# time of the day



## hhtt

"time of the day" ifadesinin Türkçe'deki karşılıkları neler olabilir?


----------



## MamaJello

Günün ... vakti. 
Günün ... saati.


----------



## Şafak

hhtt said:


> "time of the day" ifadesinin Türkçe'deki karşılıkları neler olabilir?


Bize bir örnek verebilir misin? Bu ifadeyi cümlede görmek istiyorum. O zaman cümleyi İngilizceden Türkçeye çevirebileceğiz.


----------



## hhtt

Jennifer Weiss said:


> Bize bir örnek verebilir misin?
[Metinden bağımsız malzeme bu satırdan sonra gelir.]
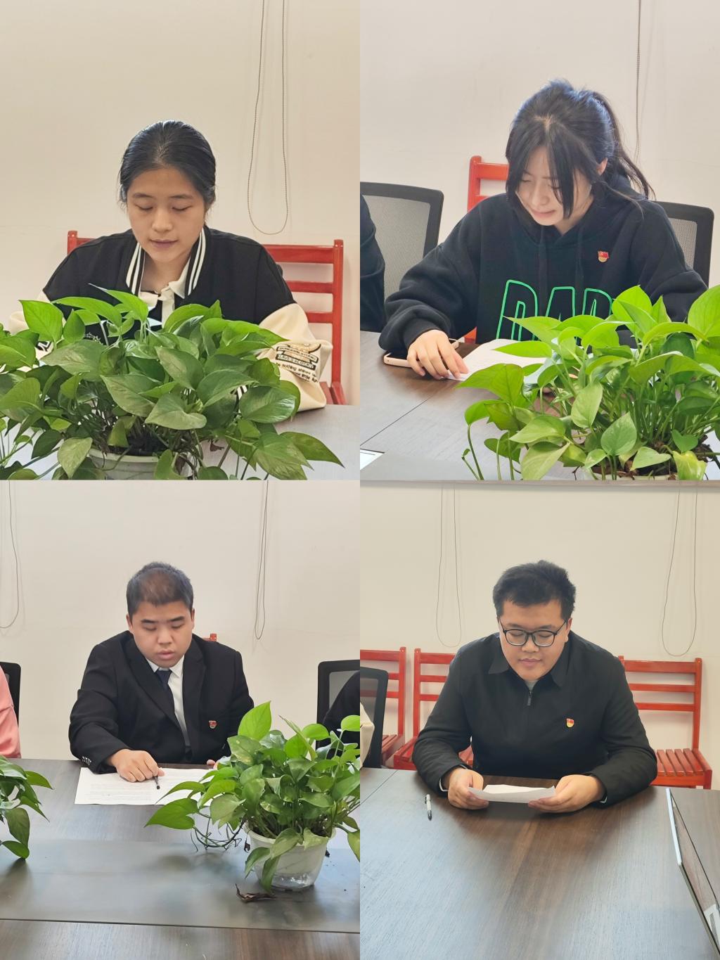 表决阶段,通过无记名投票的方式,全票通过四名预备党员的转正申请。燕梦蝶宣布本次支部大会决议一致同意庹新宇、高玉婷、王诗琪、罗鑫宇四名同志转为中共正式党员的申请,并鼓掌通过。随后,四名正式党员同志表态,表明自己对大家提出意见的看法和今后的决心,全体与会党员进行庄严宣誓。最后,燕梦蝶作总结发言,对这四名转正的同志表示祝贺,并希望这几位党员同志都要牢记自己的党员身份,牢记入党誓词,始终以身作则,加强专业理论知识的学习和自身的修养,提升综合素质,增强为社会服务的本领,做合格的共产党员。
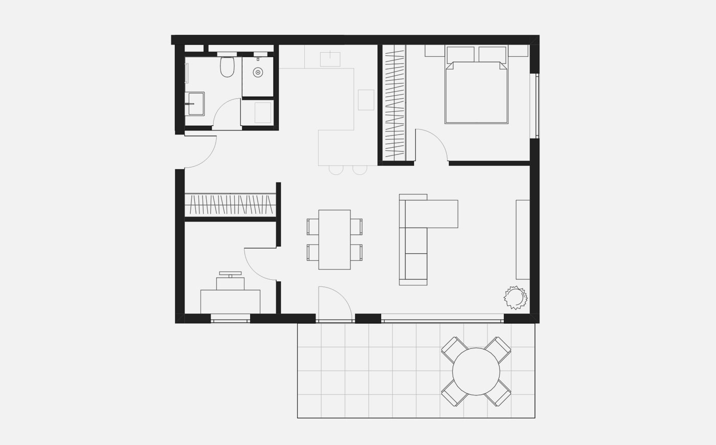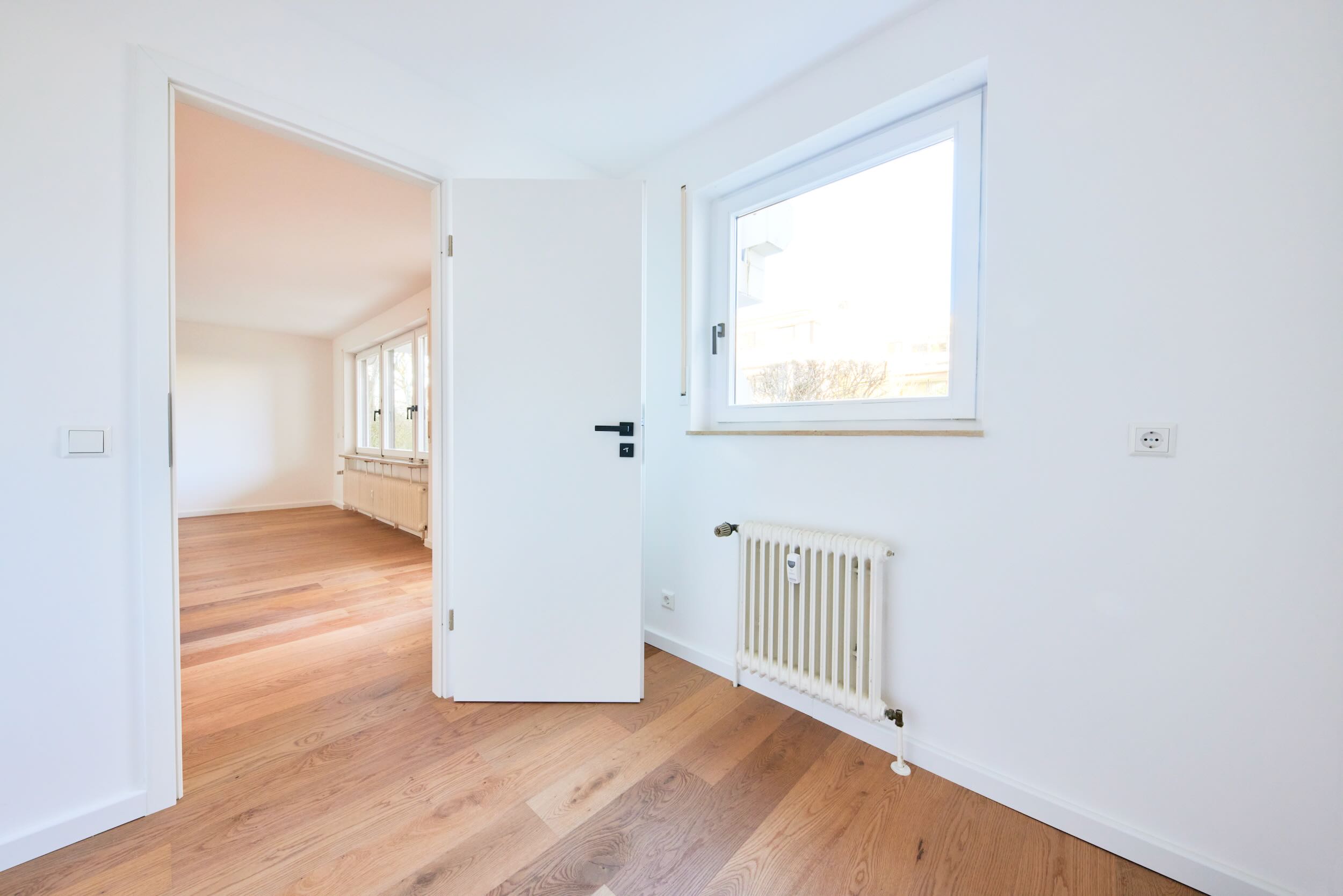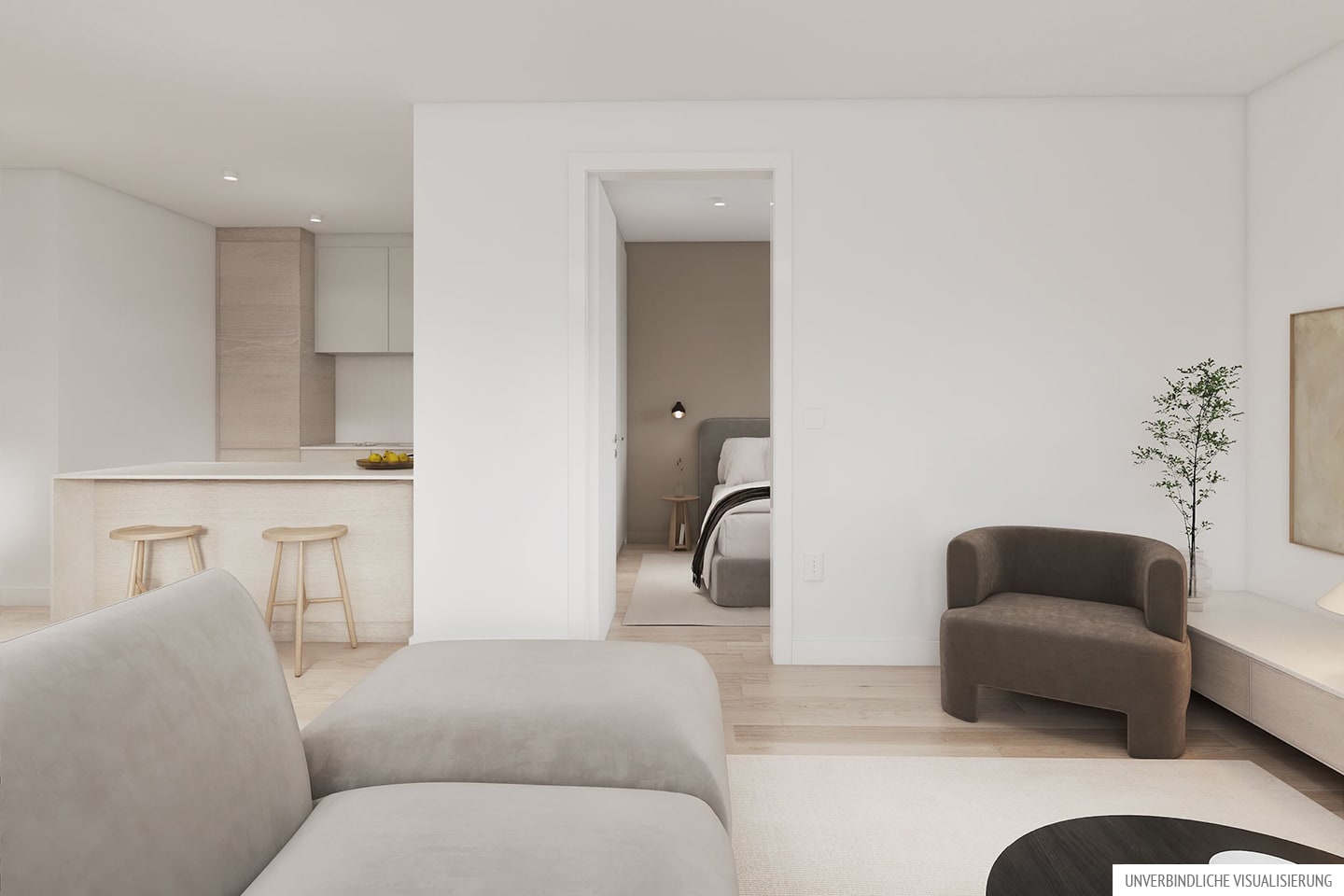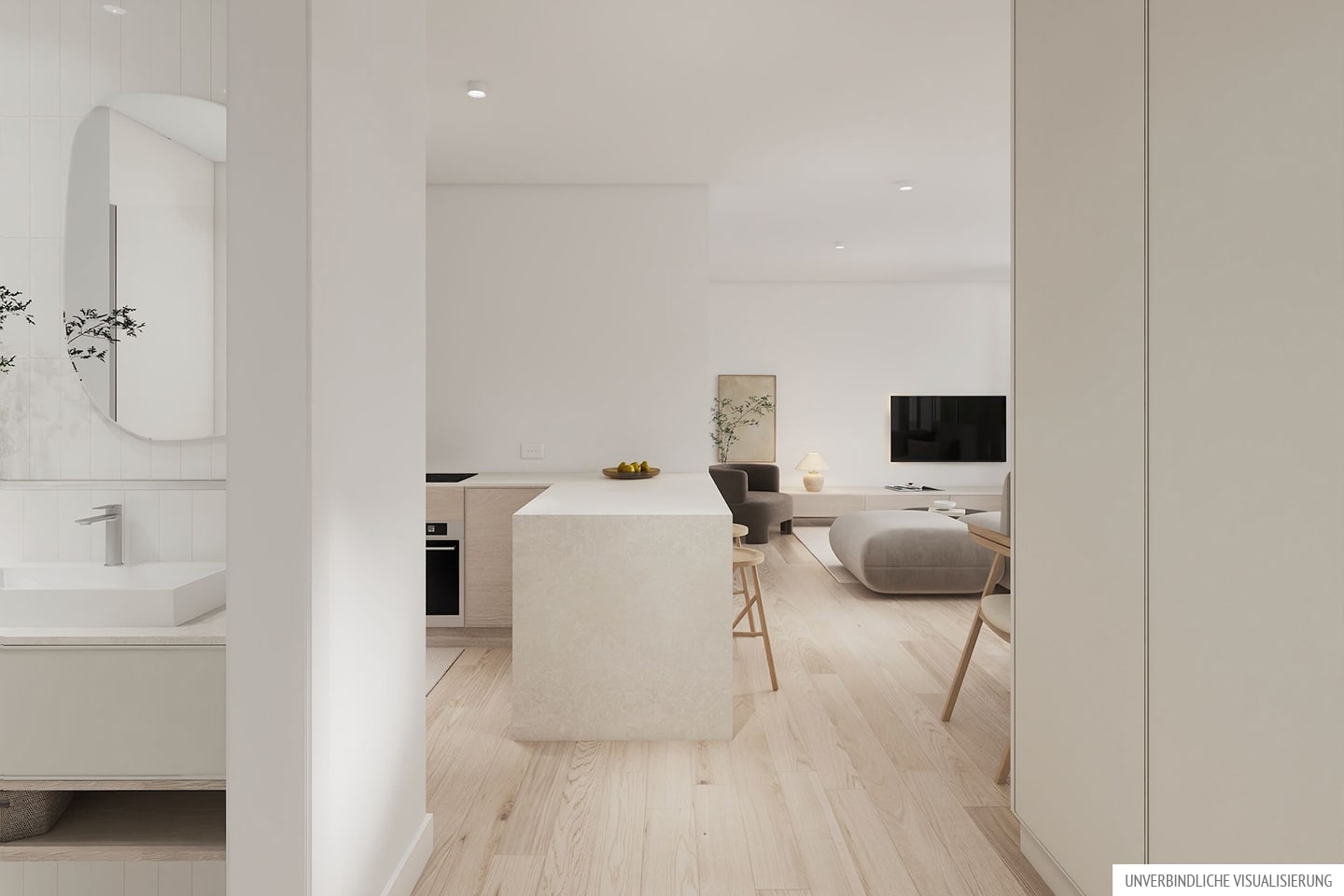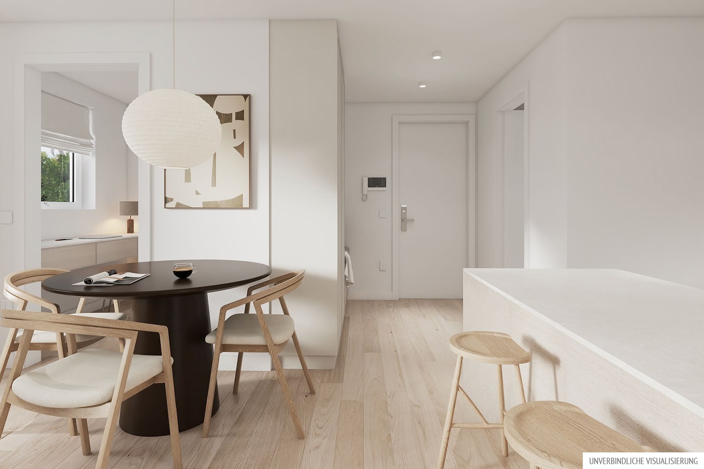 Der Grundriss überzeugt durch eine moderne, durchdachte Aufteilung. Im Mittelpunkt steht der offene Wohn-/Essbereich mit Küche – ein heller, gut möblierbarer Raum, der Kochen, Essen und Wohnen angenehm verbindet und zugleich ein großzügiges Raumgefühl vermittelt. Im Zuge der umfangreichen Renovierung wurde konsequent auf ein zeitgemäßes, hochwertiges Gesamtbild geachtet: Echtholz-Parkett, glatt verputzte Wand- und Deckenflächen sowie ein stimmiges Beleuchtungskonzept schaffen eine klare, ruhige Wohnatmosphäre.

Bu ifadeyi cümlede görmek istiyorum. O zaman cümleyi İngilizceden Türkçeye çevirebileceğiz.



"dusk is the time of the day when the daylight fades."


----------



## Şafak

Bu durumda cümleyi bu şekilde çeviririm:

_Alacakaranlık, gün ışığının kaybolduğu zaman(dır)._

Dürüst olmak gerekirse, cümleyi farklı bir şekilde nasıl tercüme edeceğimi bilmiyorum.


----------



## hhtt

Jennifer Weiss said:


> Bu durumda cümleyi bu şekilde çeviririm:
> 
> _Alacakaranlık,* gün ışığının kaybolduğu* zaman(dır)._
> 
> Dürüst olmak gerekirse, cümleyi farklı bir şekilde nasıl tercüme edeceğimi bilmiyorum.



Ben de tam bilmiyorum. Belki de "*gündüz aydınlığının kararmaya başladığı*" veya "*aydınlığın iyice zayıfladığı*" olabilir.


----------



## RimeoftheAncientMariner

sanırım "gün yüzü"

she won't give you the time of   day - çok çektirecek sana

ama doğru kullanım

" the time of day "


----------



## RimeoftheAncientMariner

ama benim örneklerim sizin cümlenizi karşılamaz


"dusk is the time of the day when the daylight fades."

gün ışığının kararması(dusk - akşam karanlığı )   günün gün ışığının solduğu vakittir.

From Dusk 'Til Dawn 

diye de bir film vardır.

çok üst üste post olduysa lütfen bir mod silsin.

Teşekkürler!


----------



## hhtt

RimeoftheAncientMariner said:


> çok üst üste post olduysa lütfen bir mod silsin.



Üst üste post olması daha iyi.


----------